As the photography is intended to image objects, the main concept of cameras and images is resolution – the ability of an imaging system to resolve detail in the object that is being imaged.
In the world of digital photography, the resolution is often – and often mistakenly – represented as the number of pixels (or megapixels – millions of pixels), the atomic items of digital picture.
While the number of pixels in an image limits the detail the image can hold, it does not guarantee certain level of detail. Enlarging the image increases the number of pixels, but does not add the detail.
The number of pixels in a camera also does not guarantee the detail; it only limits the finesse of detail the camera can capture.
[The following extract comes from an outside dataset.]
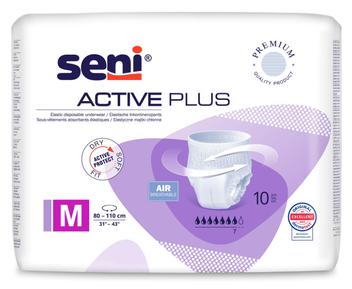 Chilotul absorbant Seni Active Plus reprezintă soluţia ideală pentru persoanele active cu probleme de incontinenţă gravă, sau pentru noapte. Este recomandat de asemenea pentru pacienţii în reabilitare fizică.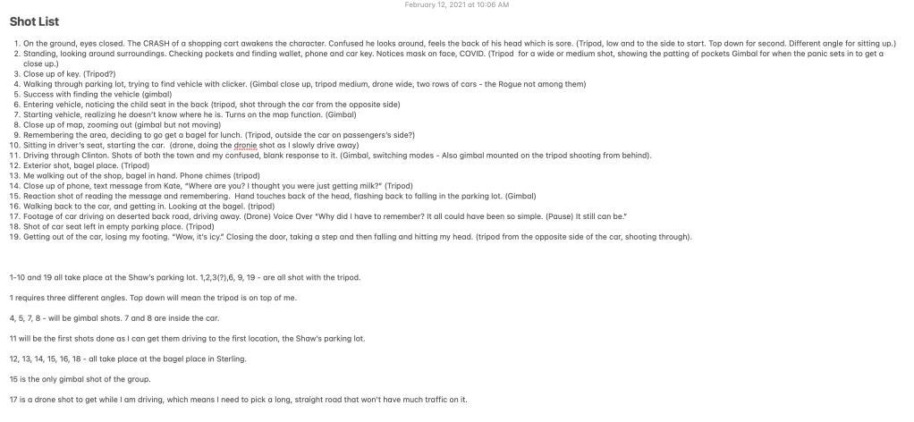 I spent the night brooding on this and thinking of how to improve the story I was telling while also adding new elements and not making mistakes. A number of firsts came out of this process, like making a shot list and mounting my gimbal onto a tripod for shots in my car and I am pleased with the results.

Moreover, the resolution itself has not much sense alone. While showing the finesse or maximum density of detail that a camera can image (resolve), it does not show how fine it is resolved. That is why photographers talk not about the resolution alone, but about the clarity or sharpness – which is the combination of how much detail can be resolved (the resolution) and how fine it can be resolved, in other words – how properly the transition of brightness at edges is captured (the acutance). If we did not care about how well the edges are defined, we would not need 8 bit-per-pixel or 12 bit-per-pixel sensors – pure 1-bit sensors would be enough.
The detail a camera can capture is limited by the number of pixels in its sensor, but it is not the only limitation. The detail is limited by such factors as:
- Lens blur: the part of a scene, which would be projected to a single pixel in the sensor, is partially projected to neighbor pixels
- Noise: random changes in brightness and color affect the accuracy of image detail. The noise-to-signal ratio grows as the less light is captured by a sensor – either the physical size of a pixel is small (and it gets smaller and smaller as you put more megapixels in the sensor, not increasing the size of the sensor itself!) or the lens area and the aperture are small, thus less light gets to he sensor.
That is why a professional camera having only 6 megapixels, but large sensor, equipped with precise lens with wide aperture gives more detail than a tiny consumer 12-megapixel camera.